Jack Twyman died Wednesday at age 78.
Unless you're a hard-core basketball fan, you probably never have heard of Twyman, who graduated from Cincinnati in 1955 as the school's leading career scorer (1,598 points) and rebounder (1,242). He now is ninth in points and second in rebounds.
Twyman averaged 24.6 points and 16.5 rebounds as a senior, when he was named an All-American. Twyman played 11 seasons in the NBA with the Royals' franchise, first in Rochester, N.Y., then in Cincinnati. Twyman was a six-time All-Star and retired in 1966 with career averages of 19.2 points and 6.6 rebounds. He worked as an ABC broadcaster in the 1970s and was inducted into the basketball Hall of Fame in 1983.
But Twyman's true lasting legacy is the incredible compassion he showed for NBA teammate Maurice Stokes.

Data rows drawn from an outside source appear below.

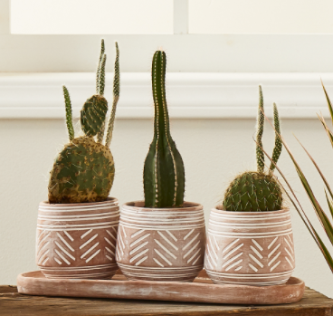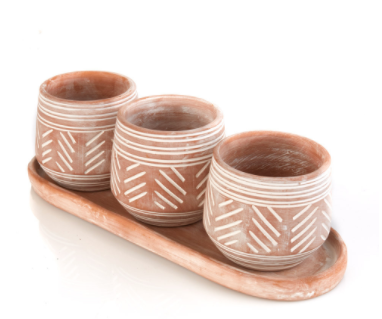 Whitewashed terracotta is incised with stripes and chevrons to create a simple, yet elegant trio of planters. Drainage hole in each pot. Lip on tray helps keep planters in place. Tray: 13 3/4"l x 5"w x 1"h; Pots: 3 3/4"h x 3 1/2" dia.
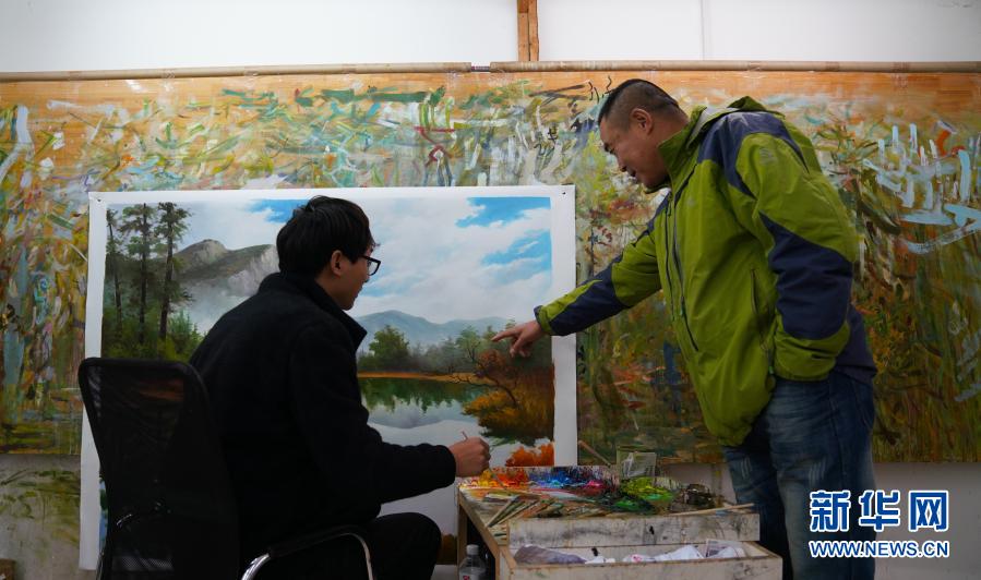 12月4日,學生在黎川縣油畫創意產業園內創作。新華社記者 胡晨歡 攝
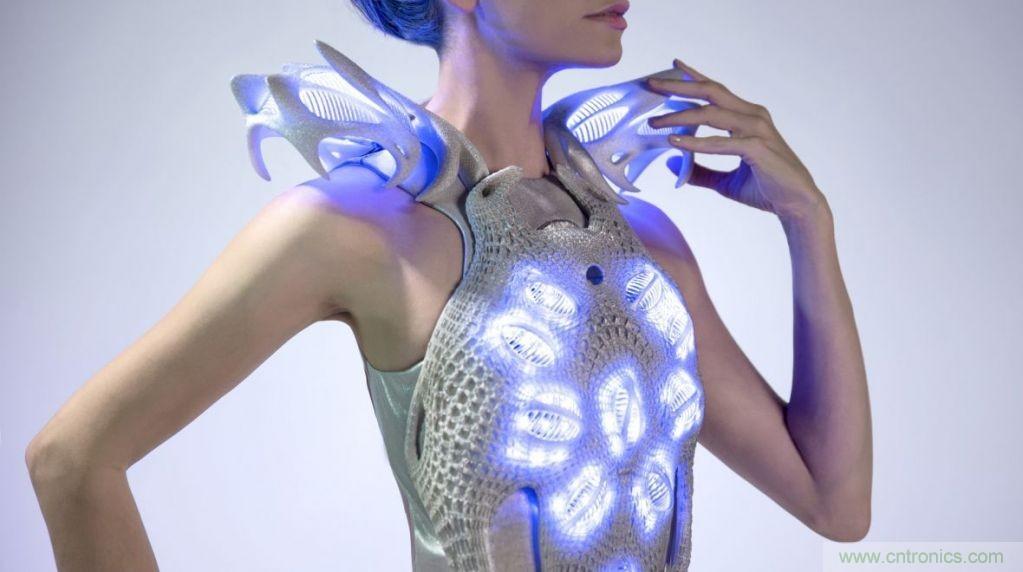 我們還可以通過肢體方面的一些表達(dá)來進(jìn)行溝通,很顯然,要想充分利用人類的肢體語(yǔ)言,智能服飾是一個(gè)非常不錯(cuò)的選擇。來自荷蘭的設(shè)計(jì)師Anouk Wipprecht就設(shè)計(jì)了一系列能夠通過生物特征識(shí)別技術(shù)來表達(dá)自身情緒的智能服裝。未來,我們可能會(huì)穿上一些帶有LED燈的類似盔甲之類的服裝,即使不說話也能表達(dá)自己的想法,不過我想應(yīng)該會(huì)有人不喜歡這么奇怪的衣服。
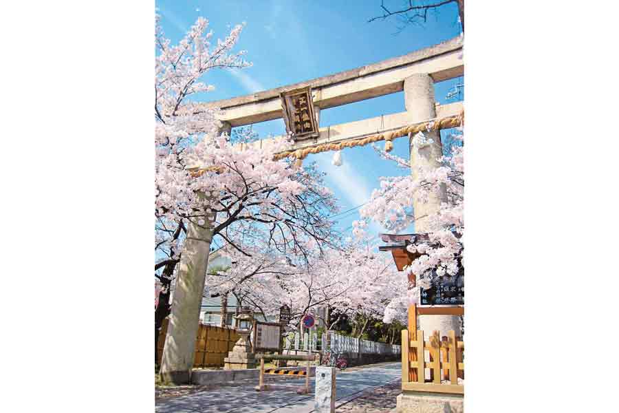 少し足を延ばして行きたいのが、西向日にある向日神社。約200メートルの参道が桜で覆われる光景は圧巻です。
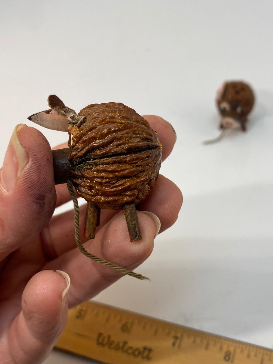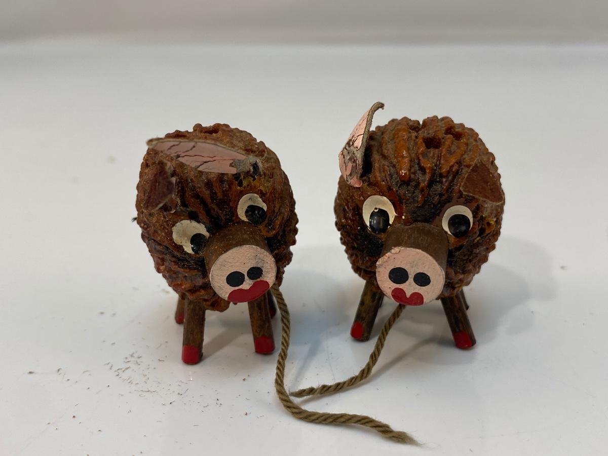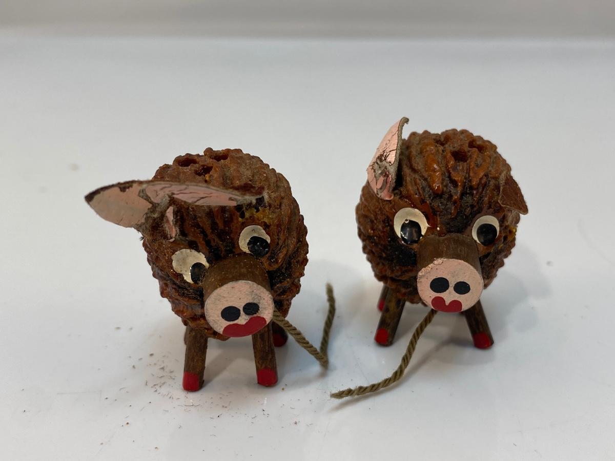 Hand Made Peach Pit Nut Pig Cow Animal Salt & Pepper Shaker Miniatures
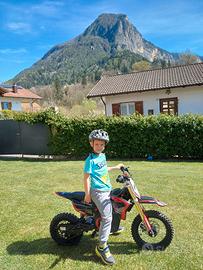 Cross elettrica per bambini da 6-12 anni perfetta, come nuova, con motore 36V potenza 1000W, completamente regolabile in velocità, potenza e risposta. Velocità massima circa 28 km/h, autonomia 1-2 ore, ricarica in 6-8 ore, chiavi di sicurezza. Altezza sella 62 cm, carico massimo 80kg.
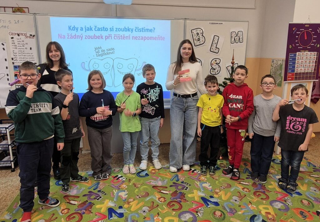 Na naší škole proběhl program “Zdravé zuby”, který vedly studentky zubního lékařství v Brně. Žákům představily základní informace o stavbě zubu, vzniku kazu a důležitosti každodenní prevence. Součástí byla i praktická ukázka správného čištění šetrnou technikou a prohlídka dentálních pomůcek – mezizubních a jednosvazkových kartáčků.
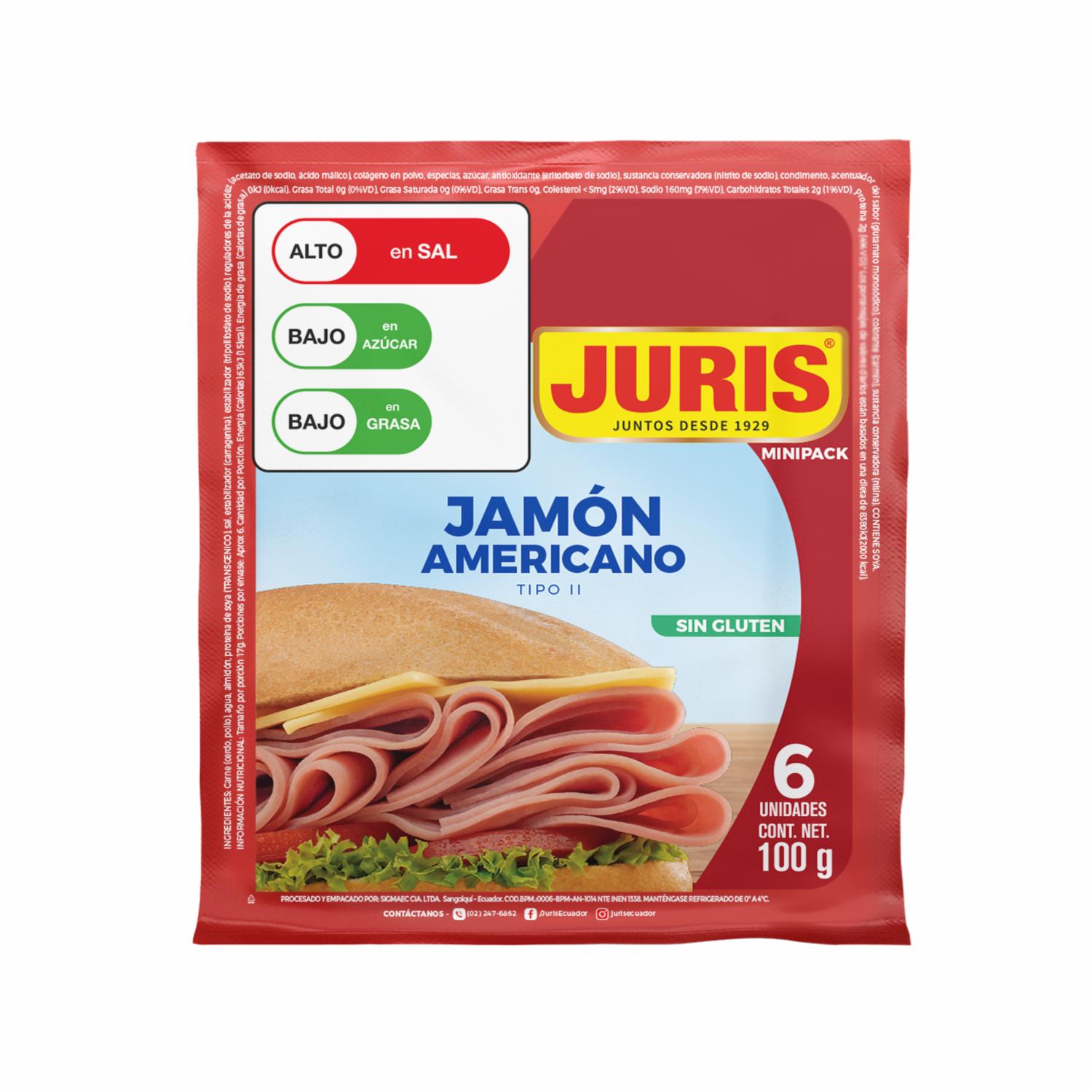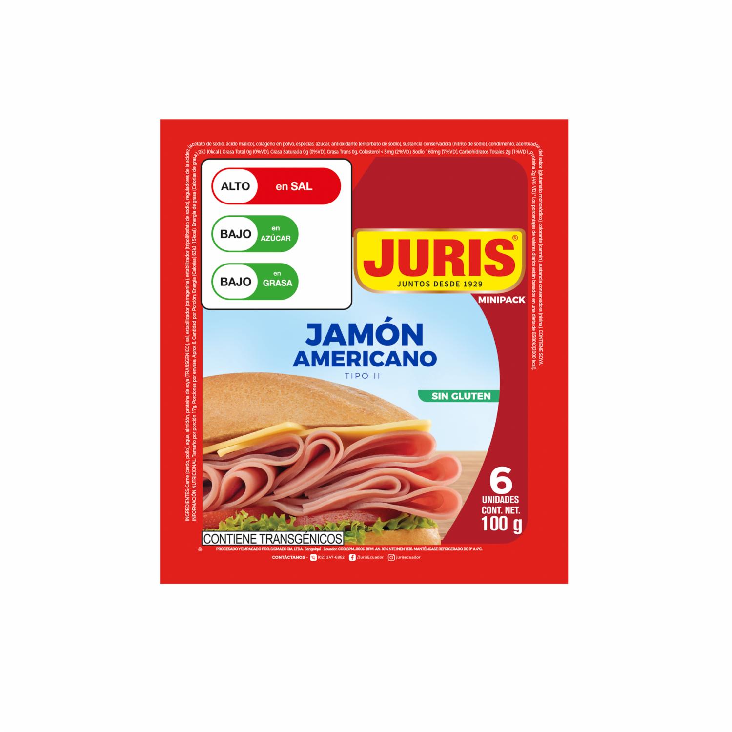 consultando preciosJamón Americano Tipo II JURIS Mini Pack 100 G – JURIS. Disponible en nuestros locales. Precio y stock pueden variar según la tienda.

Stokes played just three seasons in the NBA, but they were glorious. He was a first-round pick, No. 2 overall, out of little St. Francis (Pa.) in 1955, and he was an All-Star in each of his three seasons with the Royals.
Stokes was incredibly strong yet also athletic, and he was a rebounding machine. He averaged 16.7 rebounds per game over his three-year career, to go along with 15.8 points and 5.1 assists.
"Maurice Stokes was Magic Johnson before there was a Magic Johnson," Boston Celtics legend Red Auerbach once said. And former Celtics guard Bob Cousy once told reporters that Stokes was "the first great, athletic power forward. He was Karl Malone with more finesse."
Stokes' career was cut short because of a freak accident during a 1958 regular-season game. Three days after he hit his head on the floor and suffered a concussion, Stokes, then 24, collapsed and was left bedridden with a brain injury. Twyman became Stokes' legal guardian – after Stokes was injured, his contract eventually was voided and he had no insurance – and helped care for Stokes until he died in 1970.
Twyman lobbied heavily for Stokes' induction into the Hall of Fame, and his efforts paid off in 2004. Twyman accepted the honor on Stokes' behalf, saying, "Whatever I've done for Maurice, I've gained tenfold."